Given a pair of images sharing some attributes, we aim to create a low-dimensional representation which is split into two parts: a shared representation that captures the common information between the images and an exclusive representation that contains the specific information of each image.
Two stages of training. First, the shared representation is learned via cross mutual information estimation and maximization. Secondly, mutual information maximization is performed to learn the exclusive representation while minimizing the mutual information between the shared and exclusive representations.

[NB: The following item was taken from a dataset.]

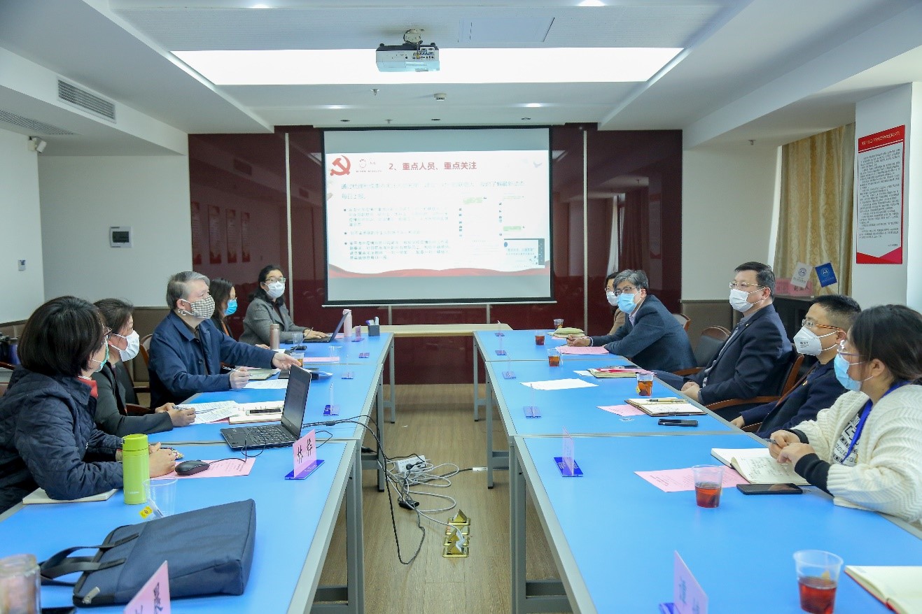 公司党委副书记林桦同志汇报公司新冠疫情防控工作开展情况,从公司总体布局、上下联动;重点人员重点关注;疫情中机自人勇挑重担,多项科研成果为抗击疫情做出了贡献;师生捐款捐物、支愿服务;疫情期间线上教学及德智体美劳全方位育人工作;全程做好疫情期间的宣传工作,以及后续按照新形势下疫情防控常态化的要求,做好师生返校准备工作。

两个样本的representation包括了shared information and exclusive information.
首先在训练的第一阶段，我们希望他们的shared representation能够尽量相同，于是文章采用了叫做cross mutual information maximization的方法，将 (sample，local patch, representation) 三元组 $(X, C_X, R_X)$ 和另一个样本的三元组$(Y, C_Y, R_Y)$进行”交叉互信息最大化”:
接着，我们希望他们的exclusive representation能尽量不同。于是文章在第二阶段，固定了生成shared representation的模型参数，同时在两方面训练网络：最大化合并之后的representation的global/local MI，同时最小化exclusive/shared MI.
Dear Eduardo Hugo Sanchez,
After reading your wonderful paper “Learning Disentangled Representations via Mutual Information Estimation”, I have one question regarding the setup of your training procedure, which is:
How do you decide between which two images the MI is maximized during training? Say in Colorful MNIST, if you put the images of the same digit together and follow your obejective, then can I conclude that you’re actually telling the model to learn a (linear, in some cases) seperable representation regarding the digit classification? Below is how I come to this conclusion:
If we are maximizing the MI between all the images containing the same digit, then during the process of MI maximization, we will shuffle the whole batch of the data in order to form the negative samples, which will be feed into the critic function. Since the critic function has to distinguish the samples like (X,Y)=(black7, red7) and the shuffled samples like (X,Y’)=(black7, yellow10), we are explicitly telling the model to classify the digits.
If we train the whole network in a totally unsupervised way, i.e., training sample pairs like (X,Y)=(black7, yellow10) are randomly showing up asking the model to learn the shared information between them, how the method is able to learn the disentangled representations is really confusing me…
Furthermore, did you do the ablation study of the “cross mutual information maximization” technique? How did it go?